As one gets more experience as a developer the moments when new information can totally change understanding of basic things get rarer. Last month I was in an argument with three coworkers of mine and I was stomped so hard that I was forced to rethink and change the way I do something very basic namely the way I model many to many relationships.
In the past I just went for what I thought was the most natural approach. For example if I needed to model the relationship between users and groups where each User can be in many groups and each Group can have multiple users I would just create a cross table in the database where each row consists of UserID and GroupID. Both IDs together will be a primary key and they are both a foreign key to the corresponding tables. In my C# model I would put a collection of Groups in the User object and a collection of Users in the Group object. In the UI I would only provide a way to delete the relation and a way to add the relation but no edit. It is simple and it works. I can confirm it works because I have built multiple projects using this approach. However it turns out it is not as good as it sounds.

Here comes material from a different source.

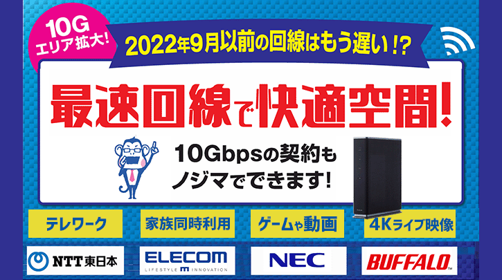 デジタル専門店ノジマでは、最速回線の10Gbpsの契約が可能です。

The alternative is to give the cross table its own ID, create a C# object representing the relationship and provide an option to edit the relationship in the UI. Why is this approach better?
Now I must admit I am a total noob when it comes to database performance. When people explain something I usually think I understand it and I agree but the problem is that if someone comes after that and explains the opposite I would probably agree again. When I was told the approach with the ID required less memory I agreed at once but did not agree that this was enough of a reason to add IDs to the cross tables. Turns out that because the primary key is an index you are actually better off having a separate ID because it is half the size and you will actually save memory due to smaller indexes. If you use the first approach you will have the benefit that the "left" column is a part of the index and it will result in faster search when this column is involved. However you can add this index and get that performance back. While at this point you are not saving memory you may gain performance. If the index is on two columns it gets bigger which means that it can spread on more pages. Algorithmically the search has the same complexity but because you will search half the pages you will get performance advantage as the table gets bigger. Of course I quickly dismissed these arguments as premature optimization.
Next point I was arguing was that the interface becomes more complex when it had an edit option. The user would be confused what the difference was between delete and add on one side and edit on the other. We should simplify the UI by having less buttons. Again my arguments were destroyed. First of all line of business apps usually have consistent interface where each item has add, delete and edit buttons. By removing the edit button I was making the interface less consistent and therefore more complex. In addition when the normal user adds a relationship and makes a mistake he does not think "I want to remove the incorrect relationship", he thinks "I want to fix my error". The user wants to edit. The edit button does make sense.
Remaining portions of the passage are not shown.